Baca berita dengan sedikit iklan, klik di sini
Sepuluh penyidik Kejaksaan Agung hanya menggeleng-gelengkan kepala ketika melihat tempat yang tercantum sebagai alamat kantor Pijar Pembangunan di kawasan Sunggal, Medan, itu. Mereka tak mengira kantor lembaga penerima bantuan sosial Rp 150 juta dari Pemerintah Provinsi Sumatera Utara pada 2013 itu hanya berupa kamar kos untuk satu orang.
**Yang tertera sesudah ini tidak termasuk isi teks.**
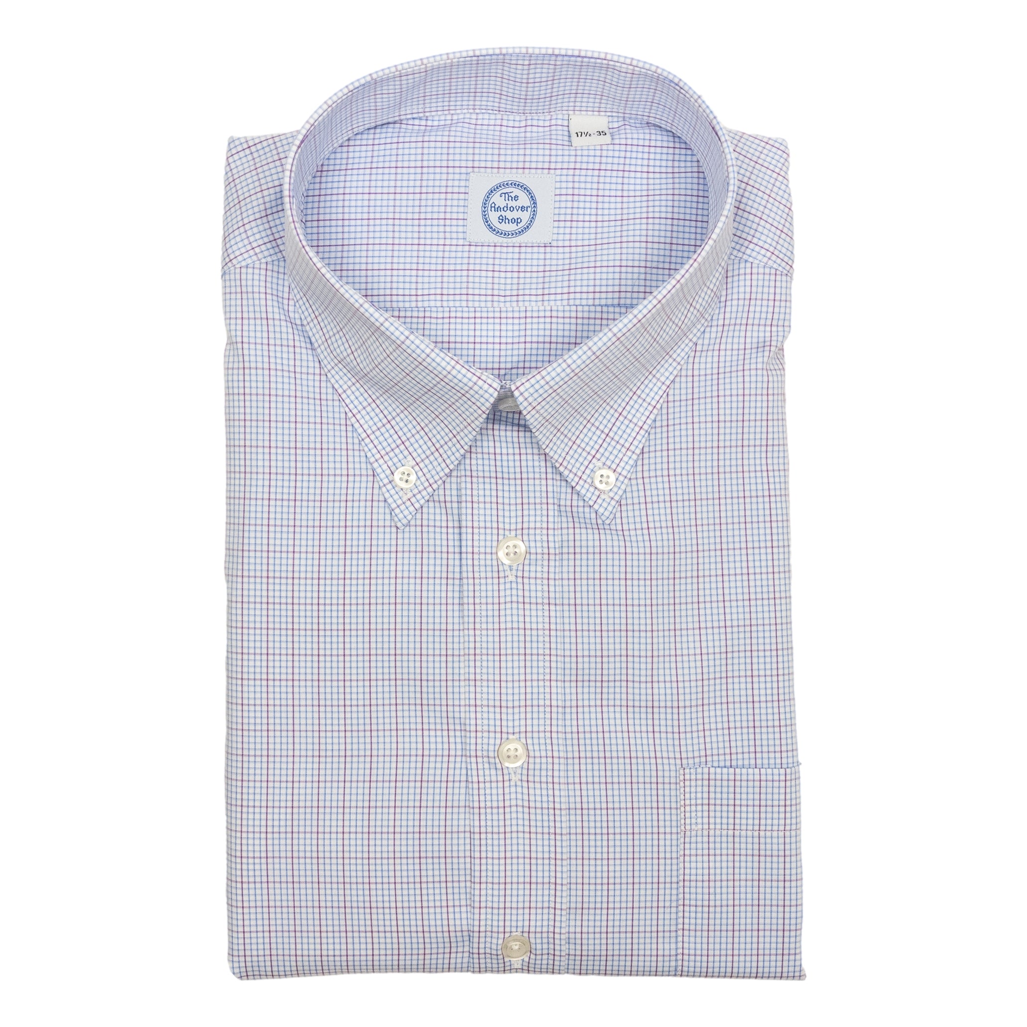 Blue and Dark Cranberry Tattersall Button Down Dress Shirt
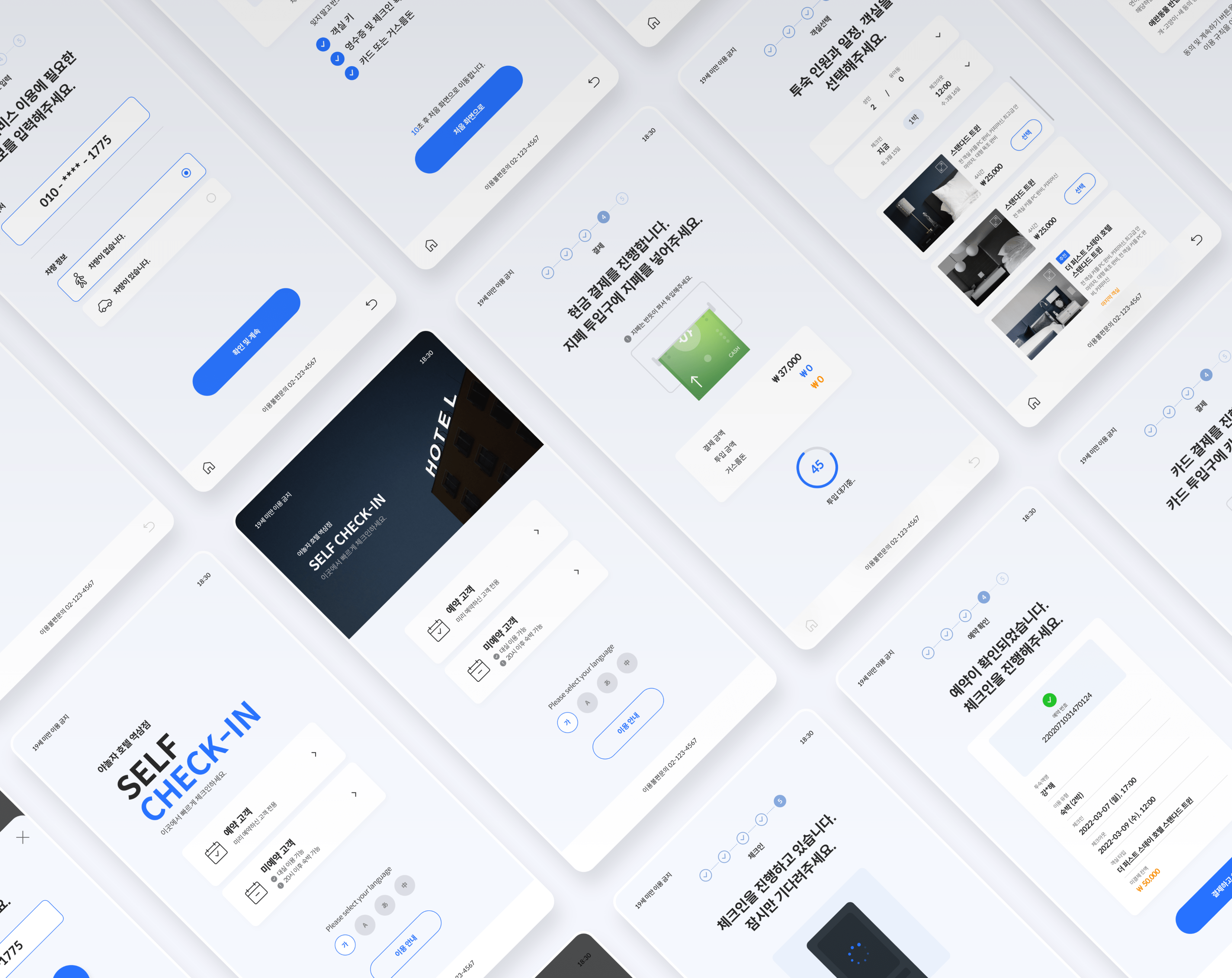 Kiosk 디바이스의 특성과 기존 UI를 분석하여 더욱 쉽고 빠른 체크인 서비스를 제공하기 위해, 사용자의 인지 영역과 시선의 흐름을 고려한 레이아웃을 구성하고, 통일된 스타일 요소를 활용하여 리뉴얼 작업을 진행하였습니다.
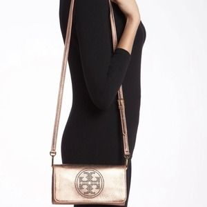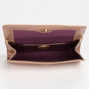Brand new 100% authentic, Rose gold/ royal salmon metallic perforated logo clutch convertible Crossbody

Penghuni kamar tak ada di tempat ketika tim jaksa mendatangi rumah di kawasan Sunggal, Medan, pada 19 Agustus lalu. Di dalam kamar, jaksa hanya menemukan sebilah papan nama yang tak terpasang. "Tak ada kegiatan apa pun," kata Kepala Subdirektorat Penyidikan Korupsi Kejaksaan Agung Sarjono Turin, Rabu pekan lalu.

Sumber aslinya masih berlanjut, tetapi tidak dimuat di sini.